Choosing a bride and groom in all religions.
Intermarriage
Almost all societies have two types of rules
regarding choosing a bride. The first type of rule is endogamous. According
to them, people belonging to a particular class have to choose the bride from
among the people living within the same class. They cannot marry anyone outside
that class. According to the second type of (extrovert) rules, each person has
to marry only with persons from a specific group. These two rules, despite
being contradictory to the above, are not really such, because they belong to
different types of groups. They can be understood as an example of circles.
Each society has a large outer circle. Marital relationship with someone
outside this circle is forbidden, but within this large circle, there are many
circles of many small groups. Everyone has to marry a person from another group
outside this small circle but within the larger circle. In Hindu society, this
type of huge circle is of caste and a small circle belongs to different gotras.
By the beginning of this century in general, every Hindu had to marry within
his caste, but outside the gotra. That could not marry outside his caste and
within the gotra. There are many types of race groups, tribes, castes, etc.,
which are the endogamous groups decided for the choice of bride. Marriage
outside of their race or species is prohibited in most wild and civilized
castes. California redheads killed a redheaded woman who married a man of a
proud European race. No. Ra. The main reason for the rule of marital
prohibition with the barbaric castes of the Roman people is the arrogance of
the excellence and superiority of their race and the feeling of hatred and
contempt for a different race than themselves. Similarly, marriage outside your
tribe is also prohibited. It is said about the Orans of Bihar that if one of
them marries outside his tribe, he is expelled from the caste and he is
withdrawn from the caste until he abandons his different ethnic wife. Please do
it. Almost all religions prohibit marriage from different religions. Such
marriages were forbidden in Judaism. In the Middle Ages marriages of Christians
and Jews were prohibited by law. Quran Sharif clearly states that those who do
not accept Islam, Marriages with persons who worship Nana deities are
forbidden. In ancient Hindu society, Anulom (marriage of a woman of higher
variance with a male of higher varna), despite the prevalence of marriages,
Brahmins, Kshatriyas, etc. used to marry in their varnas only. Later, various
castes developed in these varnas, and the rule of marriage started to be
followed strictly within their castes.
In spite of not having a rigid system of caste
discrimination in Western countries, social class-oligarchy, bourgeois merchant
class, farmer, and laborer usually get married in their own classes. Kings
can marry only in the dynastic class. If married to women belonging to the
general category other than the dynasty, then that woman and her offspring
would not get the state post and succession. The British emperor Edward
VIII left his throne because he married a simple woman outside the royal class,
Simpson, and could not become queen according to British tradition.
Outflow
It means the rule of marriage from a small group of caste and outside the class of close relatives. In society, the first is
called the law of non-observance and the second is the law of noncompliance.

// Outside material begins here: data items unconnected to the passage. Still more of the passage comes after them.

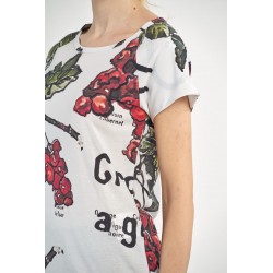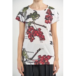 Het T-shirt is afgebeeld in fraise print (rood), maar is alleen nog verkrijgbaar in haricot print, zoals het onderstaande ballonvormige T-shirt.
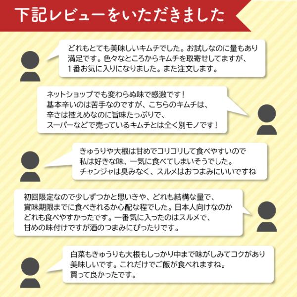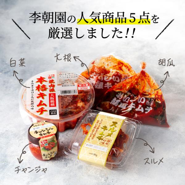 キムチ5点 お試しセット 計約1Kg ( 白菜キムチ /大根/ 胡瓜/チャンジャ/スルメ) キムチ 韓国食品 お取り寄せ ギフト オイキムチ カクテキ 李朝園 おつまみ
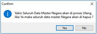 4. Klik Proses untuk mulai melakukan proses import, maka akan tampil pemberitahuan sebagai berikut. Pilih Yes untuk melanjutkan (seluruh data master Negara yang lama akan terhapus) atau No untuk membatalkan.
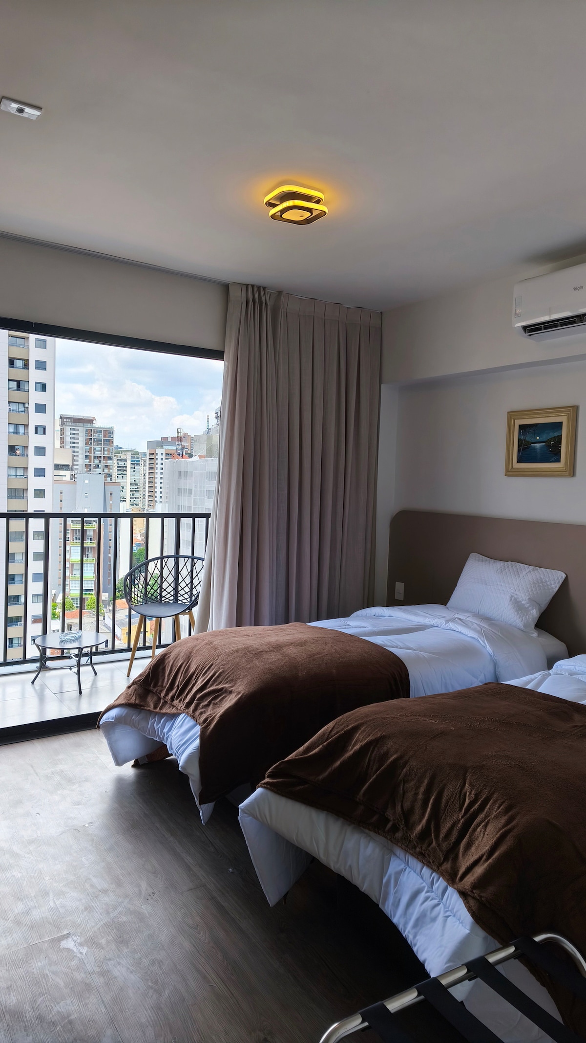 Apartament elegant de 50 m² situat la Bela Vista, are portar 24 de ore. 2 dormitoare (doar 1 cu aer condiționat și pat dublu, al doilea este destul de mic și poate fi folosit ca birou, potrivit pentru o canapea extensibilă dublă) și 1 baie. Cu priveliști uimitoare de la fiecare fereastră, este un loc minunat pentru a lucra și a te relaxa. Jet-tube-ul privat de pe balcon este un loc fantastic pentru a te bucura de priveliștea orașului. Ideal pentru cupluri, profesioniști sau familii mici care caută confort, comoditate și una dintre cele mai bune priveliști din oraș.

Astra means that the bride must be from a different tribe than the clan of
the bride. Discomfort is not the relation of the same body or body or close
blood. According to the general rule of vigilance prevalent in Hindu society,
persons who are in the five generations of the mother and seven generations of
the father are considered sampled, marital relationship with them is forbidden.
In ancient Rome, marriage to relatives within the sixth generation was
prohibited. 1215 A.D. The Christian Council of Lateran reduced their number to
four generations. Many other castes prefer marriage with their sister when the
wife dies, but the Catholic Church prohibits marriage with the sister of the
deceased wife. This situation remained in the English Church until 1906. The
rule of local outflows is prevalent in some cases. This means that the marriage
of living in a village or field is earned marriage of a young woman resident
of the same village is considered prohibited, as it is generally believed that
such a marriage is to bring harmony to the bride or groom or both. Because it
is generally believed that such a marriage is going to bring harmony to the
bride or groom or both. Because it is generally believed that such a marriage
is going to bring harmony to the bride or groom or both.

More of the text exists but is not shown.